Introduction
Performing data analysis often requires the computation and addition of new columns to the existing DataFrame, especially when dealing with percentages, which provide valuable insights into the relative sizes of parts to the whole. Pandas, a powerful data manipulation library in Python, simplifies these tasks significantly. In this tutorial, we will learn various methods to add a percentage column to a DataFrame, based on the values of other columns, using Pandas.
Prerequisites
Before proceeding, ensure you have Pandas installed. You can install Pandas using pip:
pip install pandas
Also, ensure you have basic familiarity with Python and Pandas. Let’s start with the simplest case and gradually move to more complex examples.
Basic Percentage of a Single Column
First, we create a DataFrame to work with:
import pandas as pd
df = pd.DataFrame({'A': [1, 2, 3, 4]})
To add a percentage column that represents each value’s percentage of the sum of column ‘A’, we use:
df['Perc_A'] = (df['A'] / df['A'].sum()) * 100
print(df)
Output:
A Perc_A
0 1 10.0
1 2 20.0
2 3 30.0
3 4 40.0
Percentage Change Between Rows
Next, we calculate the percentage change between rows in a column:
df['A_Percent_Change'] = df['A'].pct_change() * 100
print(df)
Output:
A A_Percent_Change
0 1 NaN
1 2 100.000000
2 3 50.000000
3 4 33.333333
Note: The first row in ‘A_Percent_Change’ is NaN since there’s no previous row to compare.
Weighted Percentage of Multiple Columns
If your DataFrame has multiple columns and you want to get a weighted percentage of those columns into a new column, here’s how you could do it:
import pandas as pd
df = pd.DataFrame({"A": [1, 2, 3, 4]})
df = pd.DataFrame({"A": [1, 2, 3, 4], "B": [2, 3, 4, 5]})
total = df["A"].sum() + df["B"].sum()
df["Weighted_Perc"] = ((df["A"] + df["B"]) / total) * 100
print(df)
Output:
A B Weighted_Perc
0 1 2 12.500000
1 2 3 20.833333
2 3 4 29.166667
3 4 5 37.500000
Conditional Percentages
For more complex scenarios, where the percentage column is conditional upon the values of other columns, the np.where
function from NumPy can be very useful.

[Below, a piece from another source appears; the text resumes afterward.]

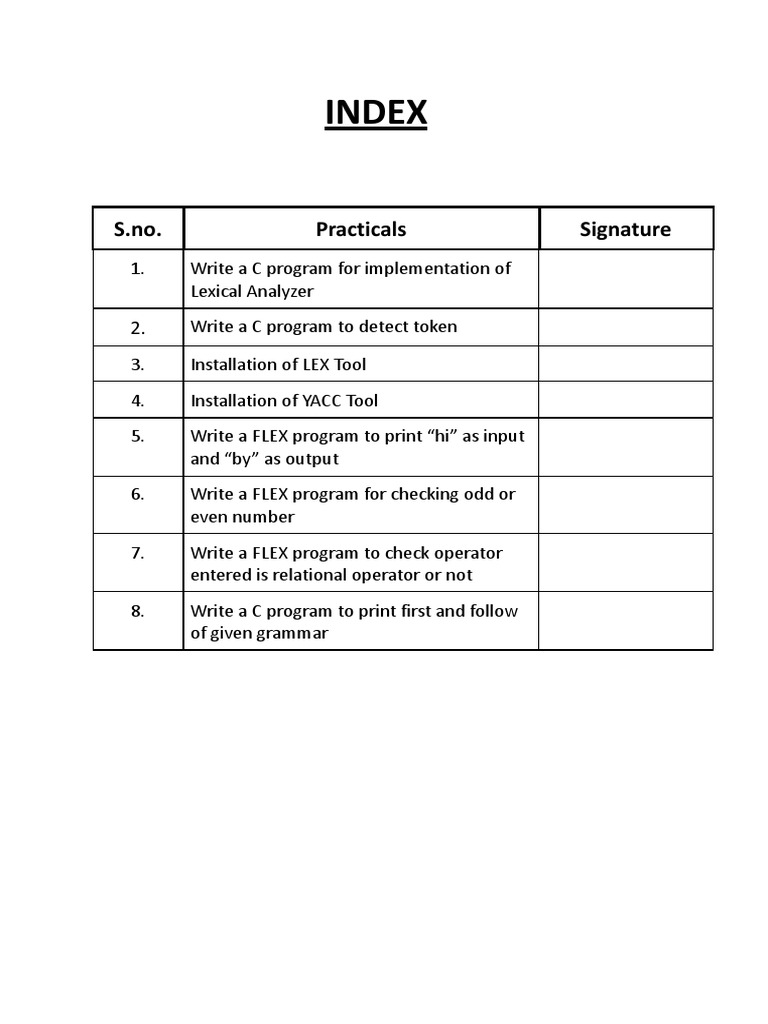 S.no. Practicals Signature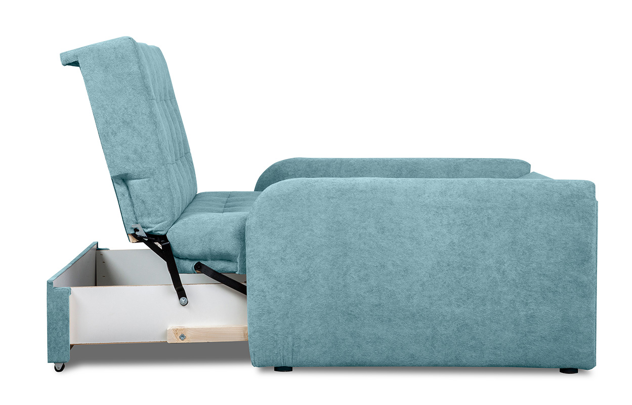 Siedzisko wykonano z połączenia sprężyny bonell oraz pianki, co zapewnia komfort użytkowania – zarówno podczas codziennego wypoczynku, jak i snu. Sofa została wyposażona w funkcję spania – praktyczny system rozkładania typu wózek oraz mechanizm click-clack umożliwiają szybkie i łatwe przekształcenie mebla w łóżko o powierzchni 106 × 193 cm.

For example, if you want to create a percentage column where only values above a certain threshold in column ‘A’ are considered:
import pandas as pd
import numpy as np
df = pd.DataFrame({"A": [1, 2, 3, 4]})
df["Perc_Above_Threshold"] = np.where(df["A"] > 2, (df["A"] / df["A"].sum()) * 100, 0)
print(df)
Output:
A Perc_Above_Threshold
0 1 0.0
1 2 0.0
2 3 30.0
3 4 40.0
5. Using Apply Functions to Compute Custom Percentages
When you have complex requirements for computing percentages that cannot be easily expressed with arithmetic operations or conditions, using the apply
function can be very powerful. Let’s create a column that applies a custom function to compute the percentage:
import pandas as pd
df = pd.DataFrame({"A": [1, 2, 3, 4], "B": [2, 3, 4, 5]})

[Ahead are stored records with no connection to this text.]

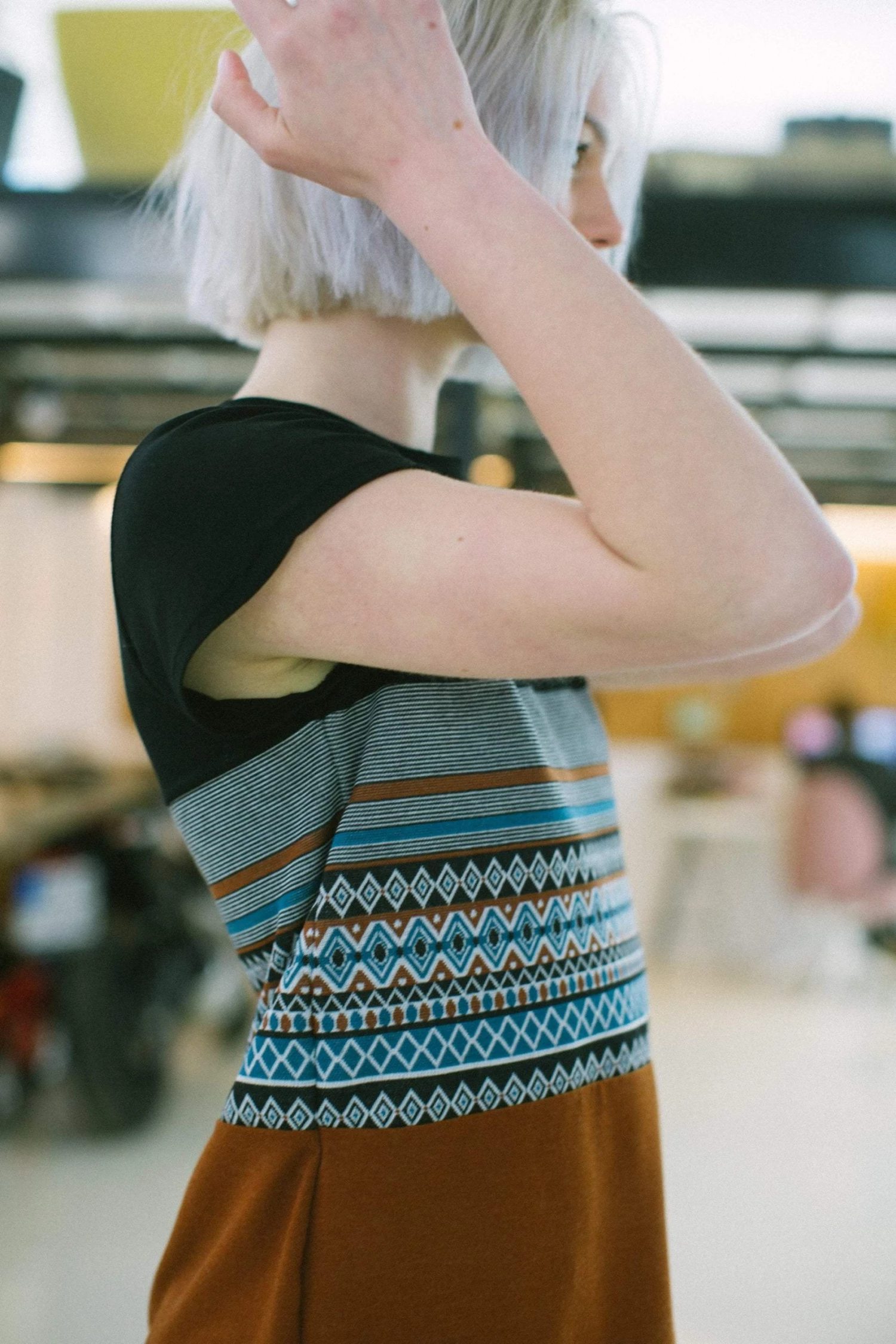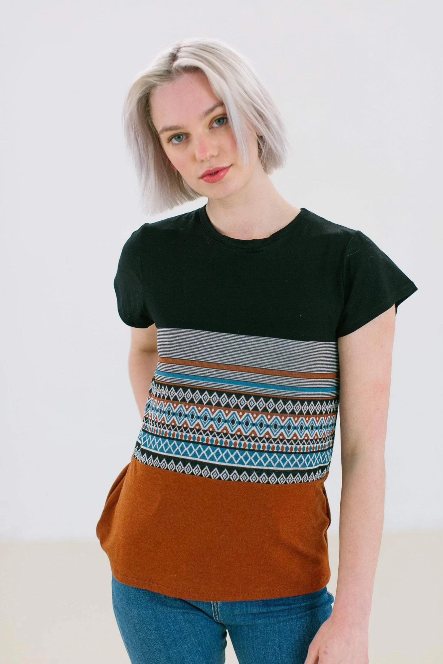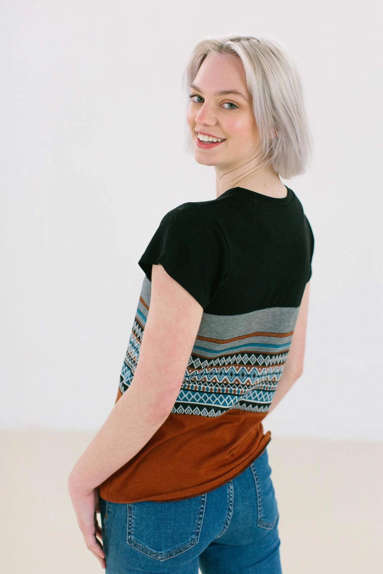 Top Mia crafted in a cool color-block design. A cute black fabric at the top, followed by a funky aztec striped pattern in the middle and a soft brown fabric at the bottom. A statement top, for a fun and cool outfit. Wear with simple denim and your fave sneakers!Â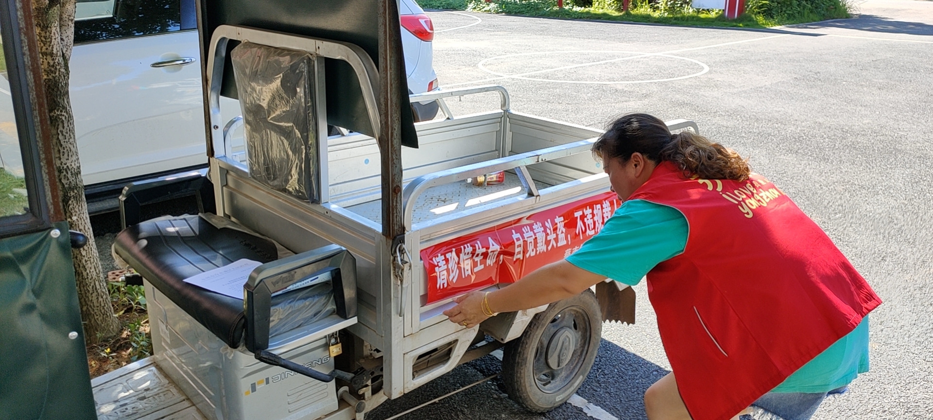 “车车贴”流动宣传。活动中,各村两站两员将警示标语粘贴在三轮车车身两侧或车头车尾,大力宣传三轮车违法载人、不按规定行驶,不系安全带,不正确佩戴安全头盔等交通违法行为可能产生的严重后果,并与驾驶人签订承诺书,要求驾驶人严格遵守交通法规,坚决杜绝三轮车载人情况发生。引导其牢固树立“生命至上,安全第一”的交通意识。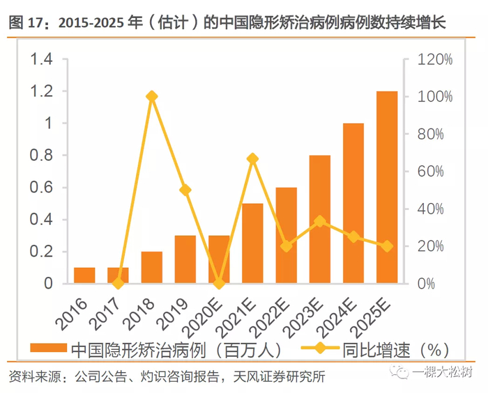 中国隐形正畸市场增速显著高于传统正畸。中国隐形矫治市场在2019年成为世界第二大市场。就零售销售收入而言,市场规模由2015年的2亿美元增至2020年的15亿美元,复合年增长率为44.4%,并有望于2025年达到48亿美元,自2020年至2025年的复合年增长率预计为26.2%。此外,中国通过隐形矫治器解决的正畸案例数目由2015年的47,800例增至2020年的33.55万例,复合年增长率为47.7%,并预期将于2025年达到120万例,自2020年至2025年的复合年增长率预计为32%。

def custom_percentage(row):
return (row["A"] / (row["A"] + row["B"])) * 100
df["Custom_Perc"] = df.apply(custom_percentage, axis=1)
print(df)
This function calculates the percentage of ‘A’ in the total of ‘A’ and ‘B’ for each row and applies it across the DataFrame.
Output:
A B Custom_Perc
0 1 2 33.333333
1 2 3 40.000000
2 3 4 42.857143
3 4 5 44.444444
Conclusion
Adding percentage columns to a DataFrame is a common task in data analysis. As demonstrated, Pandas provides multiple ways to approach this task, from simple percentage calculations to applying custom functions for more complex requirements. Choosing the right approach depends on the specific needs of your data analysis project. Armed with these techniques, you’re now well-equipped to add insightful percentage-based metrics to your datasets.